После завершения обратной транскрипции очистите продукт магнитными бусинками DNase и RNase SPRI. Добавить бисер в смесь RT при соотношении громкости 1,8 к одному и хорошо перемешать с помощью пипетки. Пусть смесь сидеть при комнатной температуре в течение пяти минут.

Затем поместите шарики на магнитную подтяготу и дайте им отделиться в течение пяти минут. Откажитесь от супернатанта и добавьте в бисер 200 микролитров свежеприготовленного 70%этанола. Не смешивайте бисер или снимите их с магнитного стенда и удалите этанол сразу после добавления.

Держите трубку на магнитной подготе и удалите все следы этанола, выталкивая оставшиеся капли с помощью пипетки P10. Немедленно добавьте 42 микролитров воды, и пипетки вверх и вниз 60 раз, чтобы elute образца, заботясь, чтобы не вызвать вспенивание. Инкубировать трубку при 37 градусах по Цельсию в течение пяти минут без крышки, а затем отделить шарики на магнитной подгоде.

Затем перенесите супернатант в новый набор трубок, заботясь о том, чтобы получить все супернатанты, но избегайте переноса бисера. После лечения RNase I смешайте 45 микролитров образца со 105 микролитров подготовленных стриптавидиновых бусин и инкубировать при 37 градусах по Цельсию в течение 30 минут. Во время инкубации, пипетка образца каждые 10 минут, чтобы смешать.

Затем разделим шарики на магнитной подгоке и удалите супернатант. Вымойте бусины буферами A, B и C.Starting с буфером A, повторно помесив бисер в 150 микролитров буфера. Разделить на магнитную подстоять на две-три минуты, а затем удалить супернатант.

Разогреть буферы B и C до 37 градусов по Цельсию и повторить шаги мытья. Чтобы удалить все неохвачатые РНК, очень важно тщательно промыть стрептавидин бусы и стенки трубки и полностью удалить буфер мытья перед добавлением следующего. Чтобы освободить cDNA, повторно использовать бисер в 35 микролитров 1X RNase I буфера и инкубировать при 95 градусов по Цельсию в течение пяти минут.

После инкубации сразу же поместите бисер на лед на две минуты. Раздели шарики на магнитном стенде и перенесите супернатант на новый набор трубок. Повторное посовещение бисера в 30 микролитров буфера 1X RNase I, а затем отделить на магнитной подготе.

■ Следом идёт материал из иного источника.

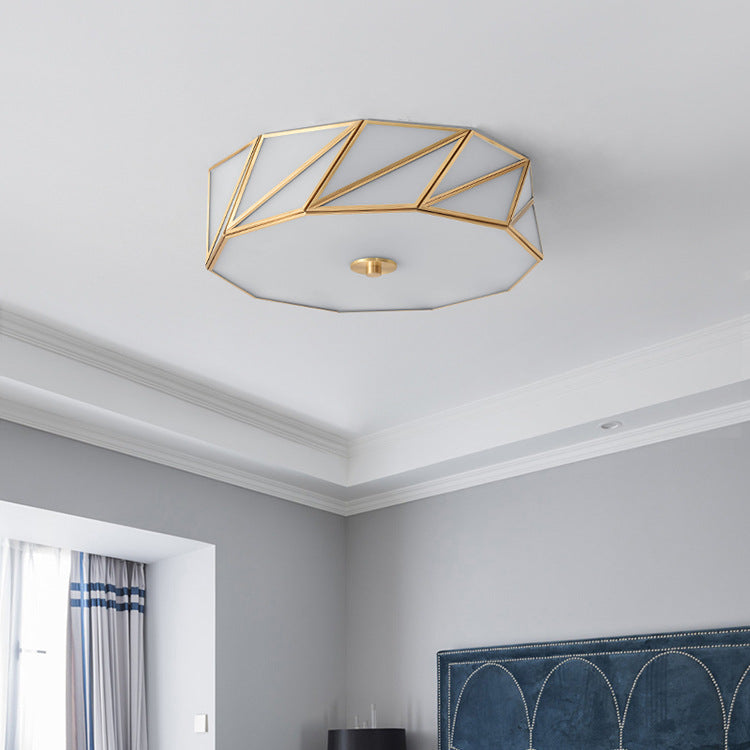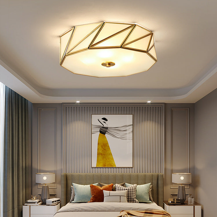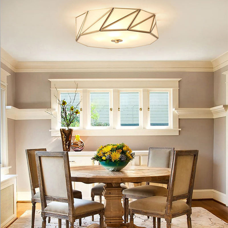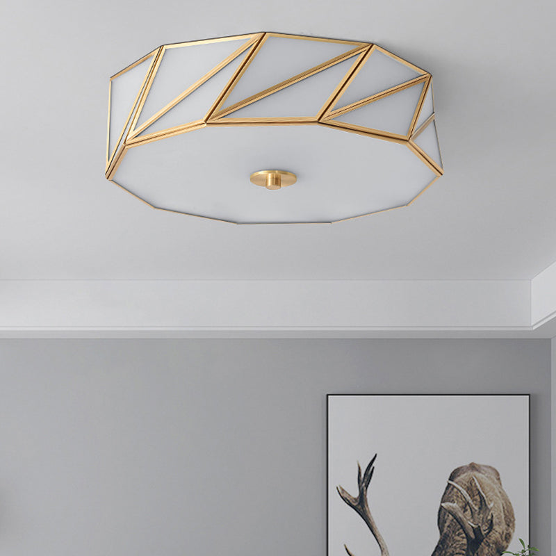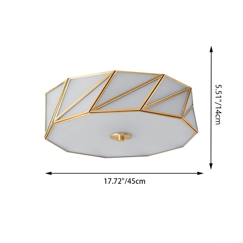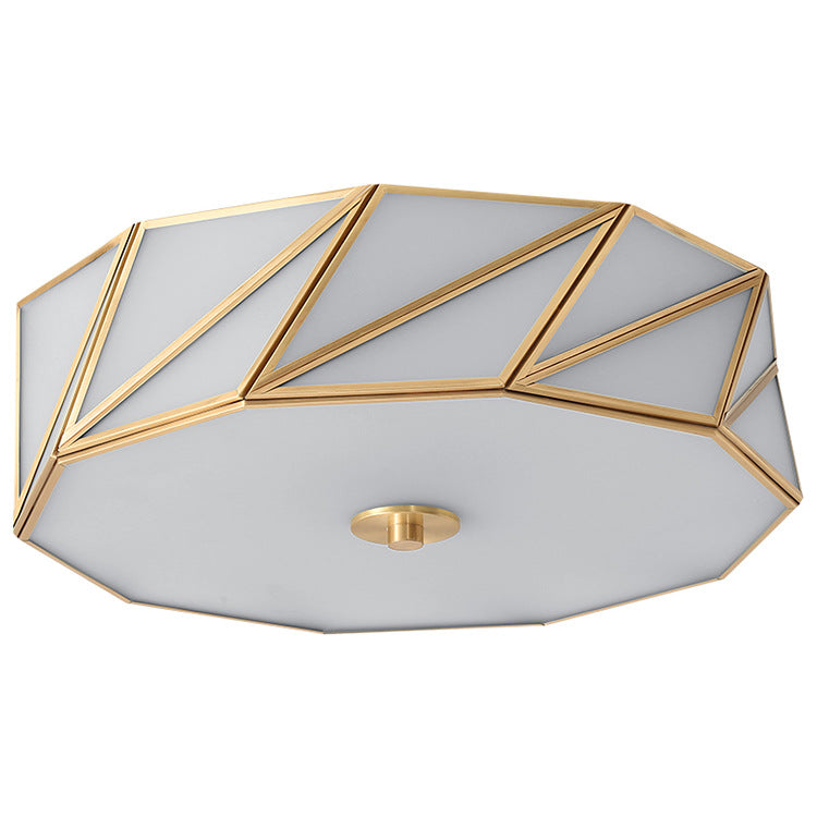 Contemporary Scandinavian Quadrilateral Polygonal Glass Copper 4-Light Flush Mount Ceiling Light For Living Room
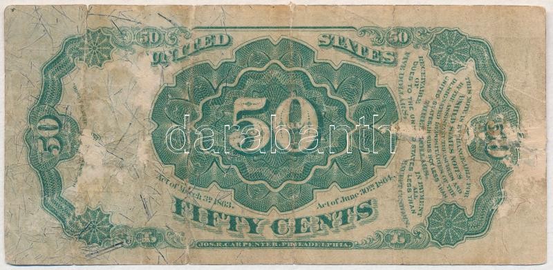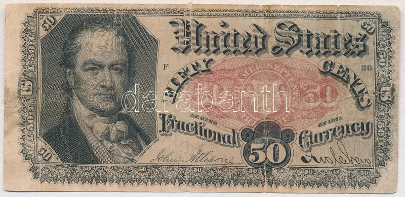 USA 1875. 50 Ce... https://www.darabanth.com/hu/372-Gyorsarveres/372.0/Numizmatika/Kulfoldi-bankjegyek~1500012/Amerikai-Egyesult-Allamok-1875-50c-TIII-szakadasok-USA-1875-50-Cents-CVG-tears-Krause-P2312~II2168760
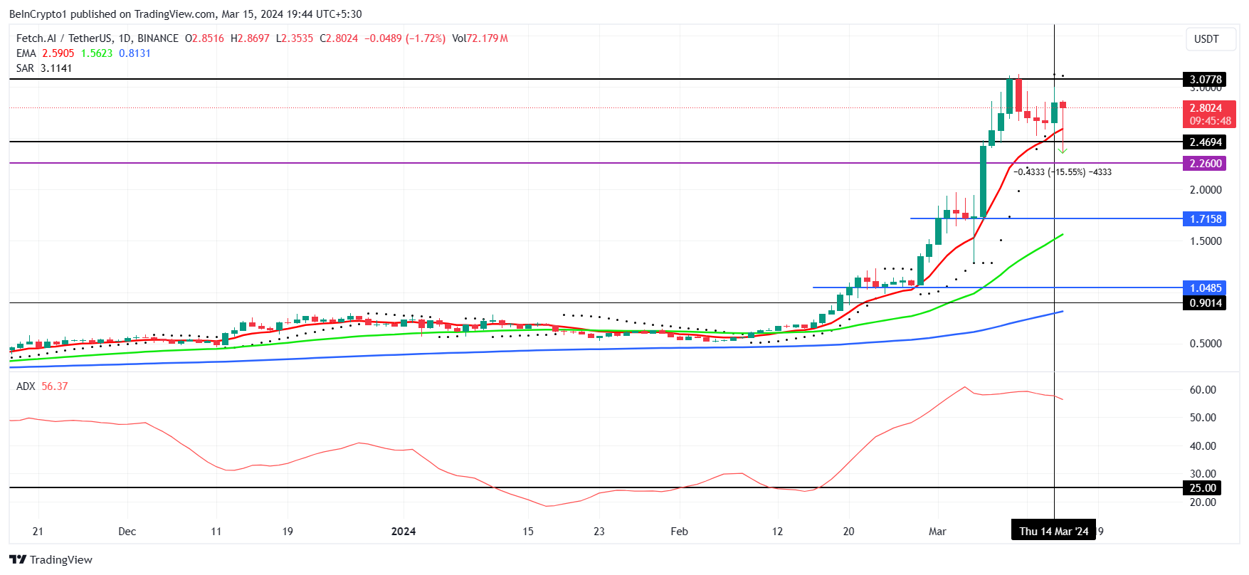 وبالتالي، يمكن رؤية سعر Fetch.ai يتداول عند 2.80 دولار في وقت كتابة هذا التقرير.
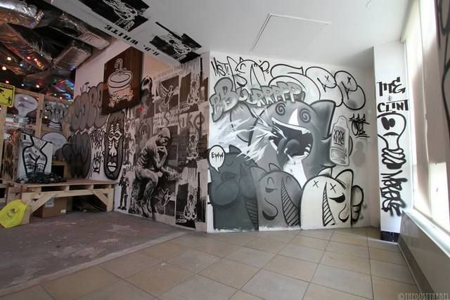 Love him or hate him, Hanksy knows how to throw one hell of a party. Last year we covered his event in the East Village (Surplus Candy), where he and a number of other New York City street artists took over an abandoned building, filling each room, stairwell and door with art. This past weekend, at a former Chase bank in the Lower East Side, Hanksy once again covered an entire space with his pop-culture based artwork filled with bad puns and artwork from an assortment of NYC street artists.
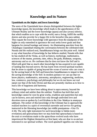 Knowledge and its Nature Upanishads on the higher and lower knowledge
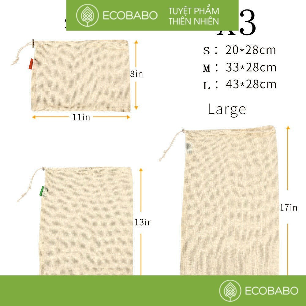 Bạn có thể nói lời tạm biệt túi nilon và túi siêu thị nhựa plastic không thân thiện môi trường. Túi đựng đồ, túi lưới cotton mới của chúng tôi được làm bằng sợi lưới cotton hữu cơ phân hủy sinh học được dùng làm túi đựng đồ khô,túi lưới đựng rau củ quả, túi đựng đồ cá nhân, túi lưới đi chợ đa năng và có nhiều kích cỡ cho bạn lựa chọn.
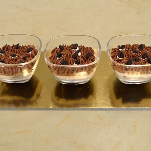 Composizione del dolce: prendere il pan di spagna al cacao e ricavare dei quadrati da mettere sul fondo delle coppette. Bagnarlo con la bagna al caffè. In una sac a poche mettere il cremoso al caffè e realizzare uno strato sopra il pan di spagna. Prendere lo strato di cioccolato, ricavare dei quadrati e adagiare sopra il cremoso al caffè. Infine in una sac a poche mettere la mousse al cioccolato e realizzare dei ciuffi sopra lo strato sottile di cioccolato.
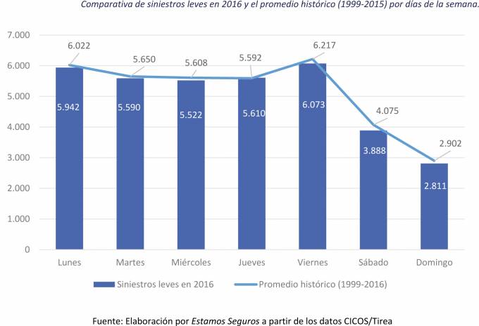 En 2016, se produjeron 1,85 millones de accidentes leves de tráfico en España. La siniestralidad creció un 2,78% en el ejercicio; hubo 64.300 golpes de chapa más en las calles. Los accidentes crecieron en todas las comunidades autónomas, salvo en Cantabria. Estas son algunas de las conclusiones que arrojan los datos a cierre de año reunidos por Tirea y divulgados por Estamos Seguros. Unespa comenta que “a pesar del incremento de la siniestralidad en prácticamente toda España, el ejercicio 2016 fue relativamente benigno si se compara con la media histórica. Todas las jornadas se registraron menos siniestros que el promedio de accidentes de chapa por día de la semana del período comprendido entre 1999 y 2016”.

Объедините супернатант с ранее собранным супернатантом общим объемом около 65 микролитров. Выполните qPCR, чтобы определить количество циклов ПЦР для усиления целевой библиотеки. Подготовь мастер-миксы qPCR для усиления целых библиотек ДНК от носителя.

Установите условия термоцикла в соответствии с рукописными указаниями и усилите подготовленный образец. Протокол SLIC-CAGE позволяет получать библиотеки, готовые к секвенированию, из нанограммов исходного РНК-материала. Длина фрагмента в окончательной библиотеке колеблется от 200 до 2000 базовых пар.

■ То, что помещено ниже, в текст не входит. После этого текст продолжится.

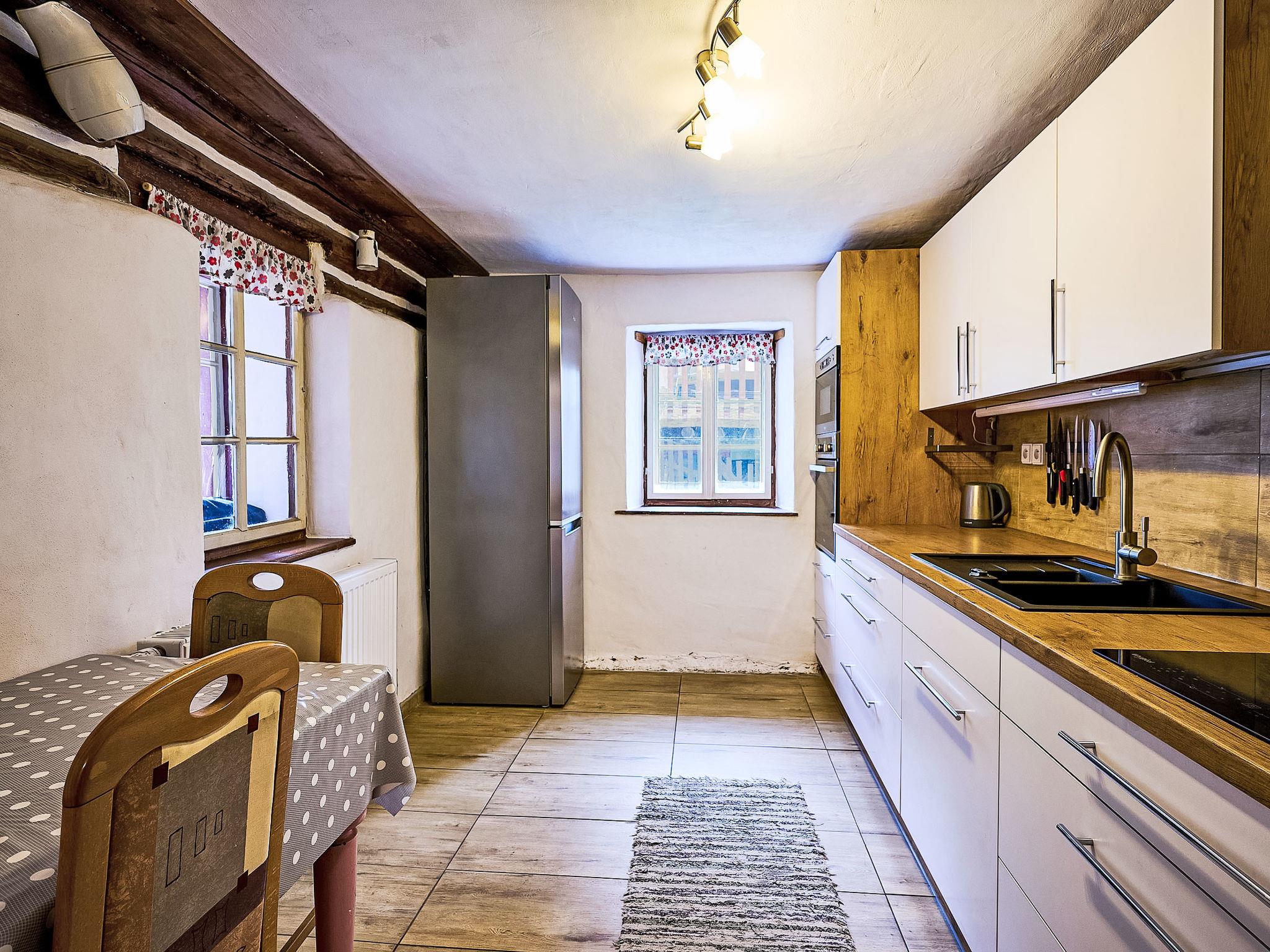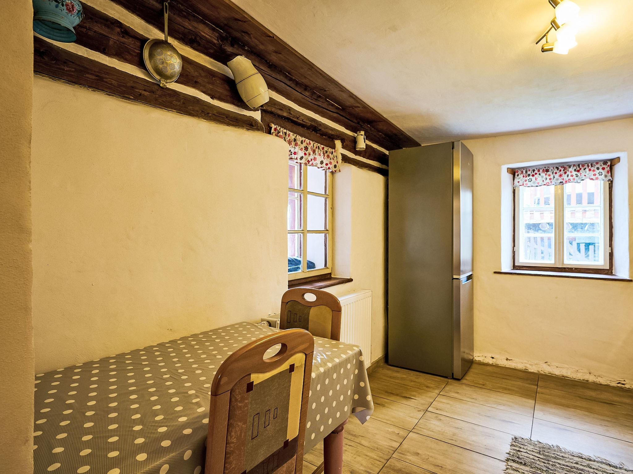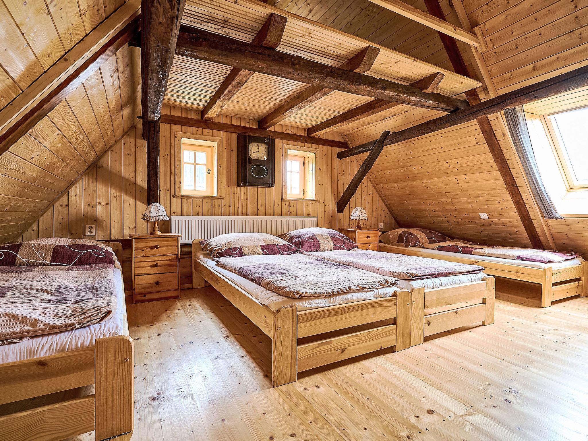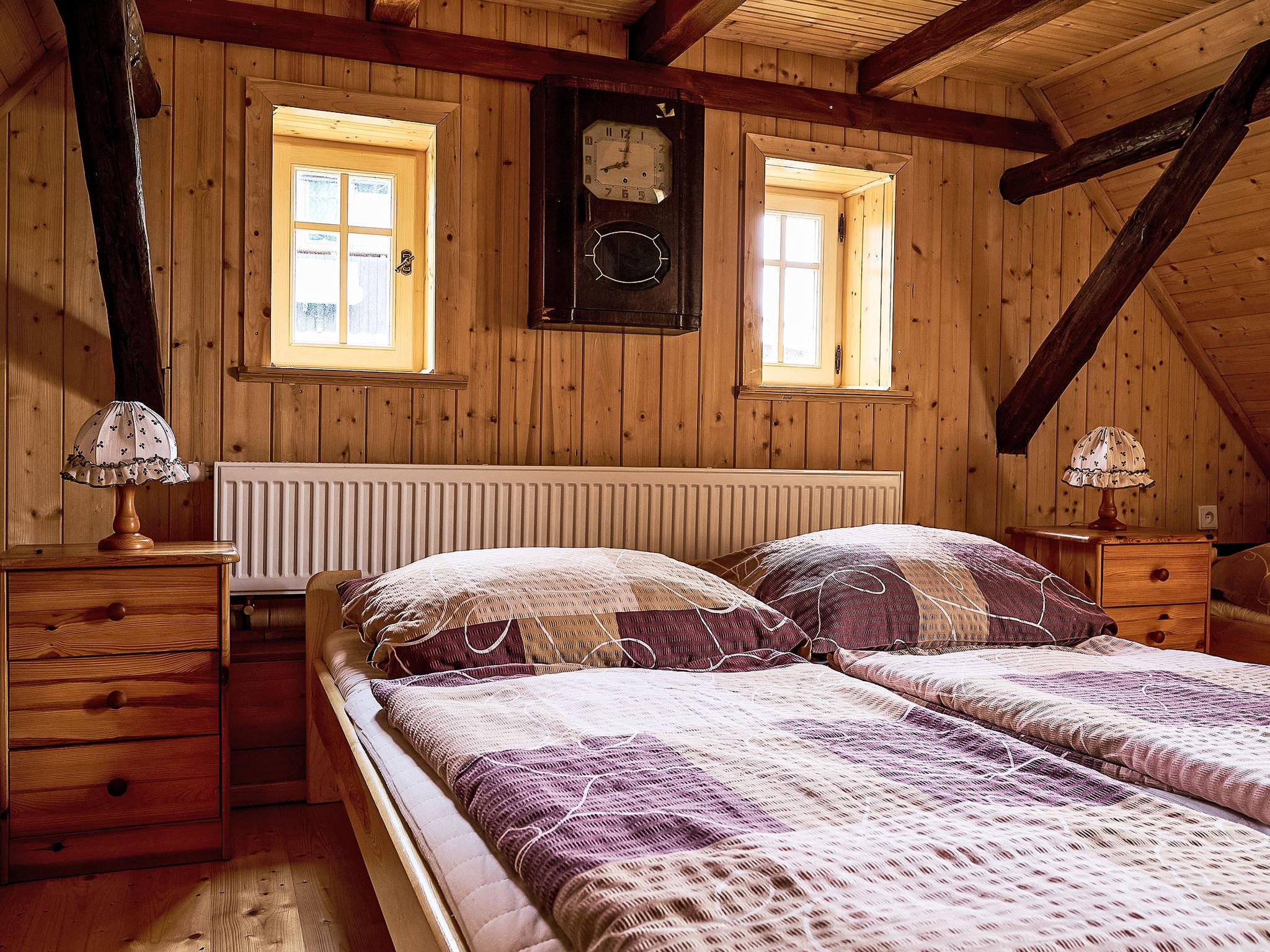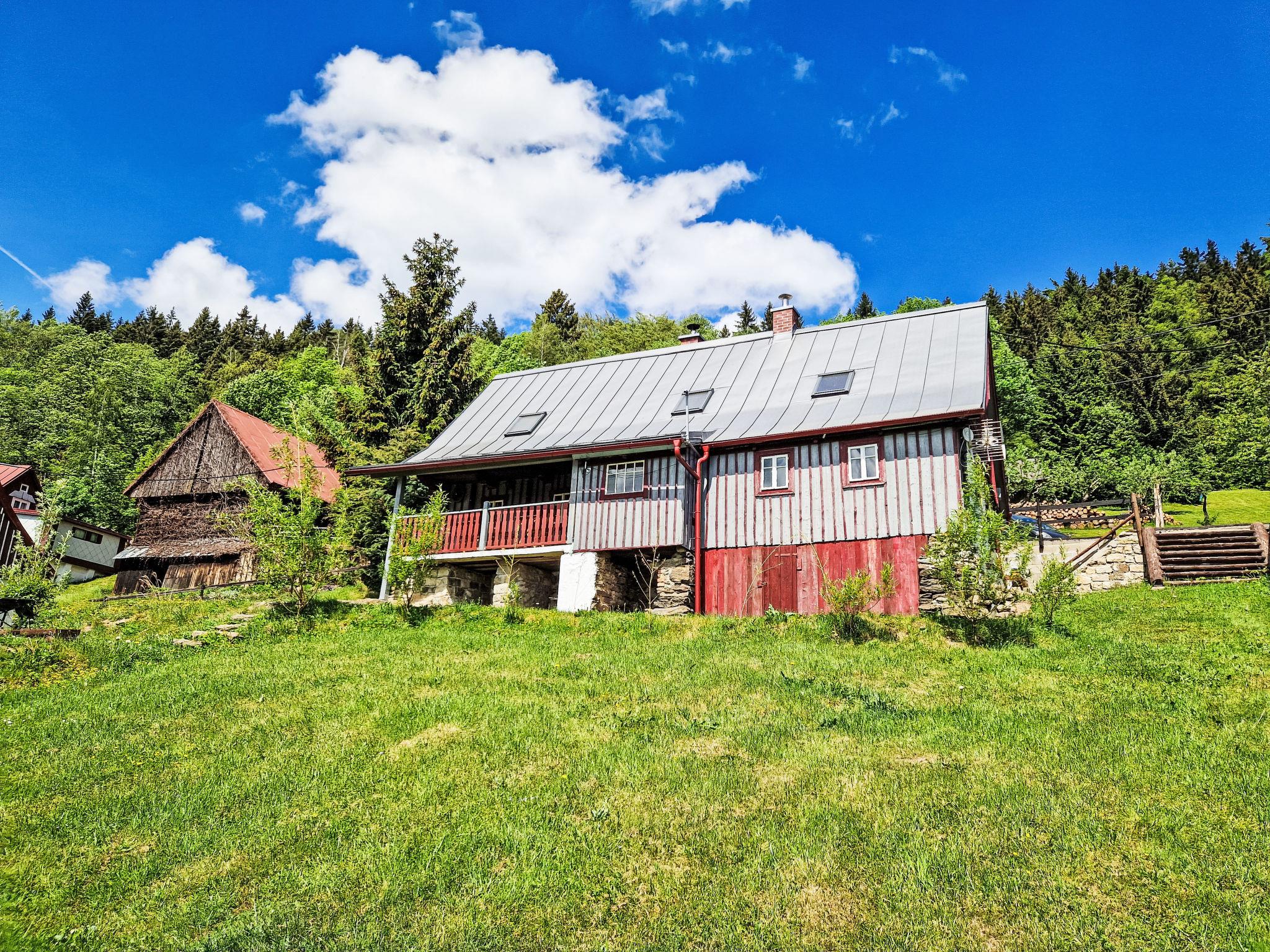 Very old "rustico" cottage "Jizerka", built in 1770. In a quiet, sunny position on top of a hill. Private: garden (not fenced). Terrace, garden furniture, fireplace, parking (for 2 cars). Shop 6 km, supermarket 6 km, restaurant 3 km, bar 4 km, café 3 m, bus stop "Ceský Šumburk, sokolovna" 400 m. Minigolf 3 km, ski lift 3 km, ski rental 3 km, ski school 3 km. Nearby attractions: Štepánka 3.5 km, Maják J. Cimrmana 3 km, Terezínka 7 km, Malý Špicák Tanvald 8 km, Svetlý vrch 10 km, Termy Cieplickie(Pl) 40 km. Well-known ski regions can easily be reached: Rejdice 7 km, Paseky nad Jizerou 10 km, U Cápa 3 km. Hiking paths: Bukovec 13 km, Jizerka 12km, Bozkov, Riegrova stezka 30 km, Cerná Studnice 10 km. Please note: suitable for families. The owner does not accept any groups.

Более короткие фрагменты являются артефактами ПЦР и могут вызвать проблемы с секвенированием вниз по линии. Дополнительные раунды выбора размера могут быть выполнены, чтобы удалить их. По сравнению с NanoCAGE, SLIC-CAGE демонстрирует значительно лучшую производительность при идентификации места начала транскрипции, что видно из приемника операционных характерных кривых двух методов, выполненных в различных количествах общей РНК S.cerevisiae.

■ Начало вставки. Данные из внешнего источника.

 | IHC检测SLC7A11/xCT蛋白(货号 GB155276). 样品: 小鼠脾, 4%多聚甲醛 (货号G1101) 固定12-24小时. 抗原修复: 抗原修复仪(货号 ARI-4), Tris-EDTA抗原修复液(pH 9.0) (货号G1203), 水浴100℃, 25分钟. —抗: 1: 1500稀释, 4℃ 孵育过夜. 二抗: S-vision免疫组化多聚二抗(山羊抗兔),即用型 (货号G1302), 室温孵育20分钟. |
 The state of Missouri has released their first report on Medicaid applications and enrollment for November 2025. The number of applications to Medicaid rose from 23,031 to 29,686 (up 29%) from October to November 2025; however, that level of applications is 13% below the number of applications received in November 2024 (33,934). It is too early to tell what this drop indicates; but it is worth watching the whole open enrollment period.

При выполнении этого протокола важно иметь в виду, что потеря выборки может привести к низкой сложности библиотек. Чтобы предотвратить это, необходимо использовать низкооплетающие пипетки и трубки. Без SLIC-CAGE промоутерный анализ различных типов клеток до сих пор был недоступен.

Это включает анализ эмбриональных стадий развития или эмбриональной ткани из широкого спектра модельных организмов.